Lots of construction noise!  As of right now the Cosmopolitan isn't scheduled to open untill December 2009. We own an October week and since our unit is on the penthouse floor facing the fountains we hate to think of going there any week but our own since we have such a great view.  We thought by next year we would use our week hoping that at least the major construction noise would be over and the following year everything would be open.  Guess that isn't going to happen.  The lobby area does look nice.  Just wish they would keep some of the merchandise from the mini-mart inside the shop, it distroys the look with the t-shirt racks sitting out in the hallway.


----------



## atstpier (Nov 6, 2007)

Thanks for the information.  It seems odd that the pool use wasn't locked down from the beginning given the obvious effect the tower was going to have on the existing pool.  Pool privileges are worth more to me than tennis privileges.  I also agree with your comment about the mini mart and the merchandise in the hallway.  It looks like a bad 7/11 in Cleveland.


----------



## EZ-ED (Nov 6, 2007)

I also wish this issue had been locked down prior to construction. I just hope there is some type of reasonable access to the Cosmo pool area.


----------



## Larry (Nov 6, 2007)

atstpier said:


> Thanks for the information.  It seems odd that the pool use wasn't locked down from the beginning given the obvious effect the tower was going to have on the existing pool.  Pool privileges are worth more to me than tennis privileges.  I also agree with your comment about the mini mart and the merchandise in the hallway.  It looks like a bad 7/11 in Cleveland.

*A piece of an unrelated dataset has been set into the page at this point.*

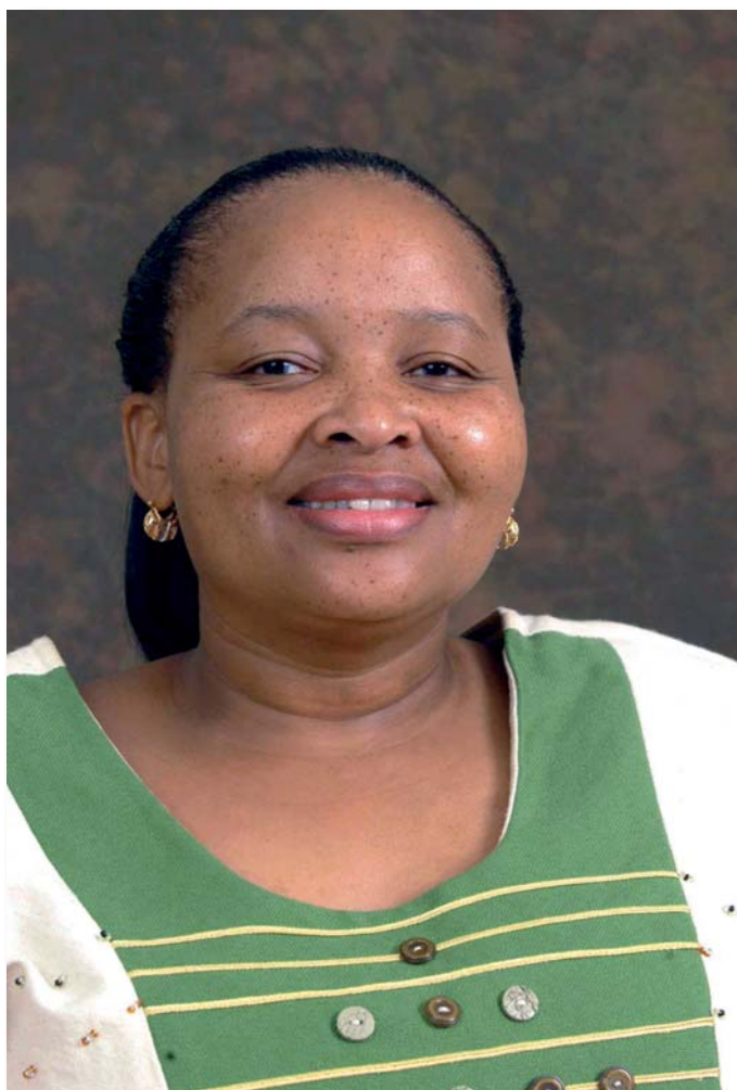
Ms Lulu Xingwana (MP) Minister for Agriculture and Land Affairs

In renewing our pledge—a national partnership to build a better life for all—we embarked on the objective to grow the agricultural land, transform our country's skewed ownership patterns of land and focus on enterprises. These remain critical success factors in our endeavour to strengthen and promote agricultural support services and to eradicate poverty. When we launched Operation Gijima in November 2006, we committed ourselves to fast-track service delivery of departmental programmes that offer support to emerging farming communities in our country. Operation Gijima has identified various areas for speedy implementation, as well as acceleration of service delivery with regard to the implementation of the 2005 Land Summit resolutions, implementation of the Agricultural Broad-based Black Economic Empowerment (AgriBEE) Charter and the promotion of family farming.

I agree not only odd but that's when they had some leverage to get this included. I am not very optimistic that at this late stage in the game cosmopolitan would give this right to the Jockey Club owners when it wasn't in writing in the beginning of negotiations. Also if you bought into the cosmopolitan for let's just say around $700k would you be inclined to agree with your condo board in giving pool privileges to Jockey Club owners and exchangers?

If this ever happens I will be very surprised.


----------



## alanraycole (Nov 22, 2007)

*Facts, please, nothing but the facts. Jockey Club / Cosmopolitan pool / RCI points*

Please understand me, I am not trying to be rude or disrespectful of others contributions. But, I would really appreciate a current owner getting documentation stating the definitive answer to the question about the Cosmo pool usage. 

I was an owner there and am in the process of becoming one again. When I was an owner, I thought I read in Jockey Club issued reports that owners would have use of the Cosmo pool, period... no pending negotiations. I have since sold my two one-bedroom units and I threw away all my Jockey Club literature when I sold my old units. Now that I will be an owner again (this time of a two-bedroom unit), I, obviously, have a renewed interest. I can either trust my memory or be totally confused by all the conflicting reports I have read here. I would just call the Jockey Club, but according to reports on this site, that has resulted in conflicting stories as well (this is mirrored by my own experience in asking question to whoever happens to answer the phone there... it has been my experience to get conflicting answers when I ask any question to more than one person at the front desk... people apparently report only what they think rather than what they know). I would request the documentation myself, but I think it would be more forthcoming if a current owner asked for it. Any hard facts out there?

Also, formerly, when I owned two units there, they were in the points system. I took for granted it would be automatic on this new one... but after reading some info on this site, I am not so sure... anyone know for sure?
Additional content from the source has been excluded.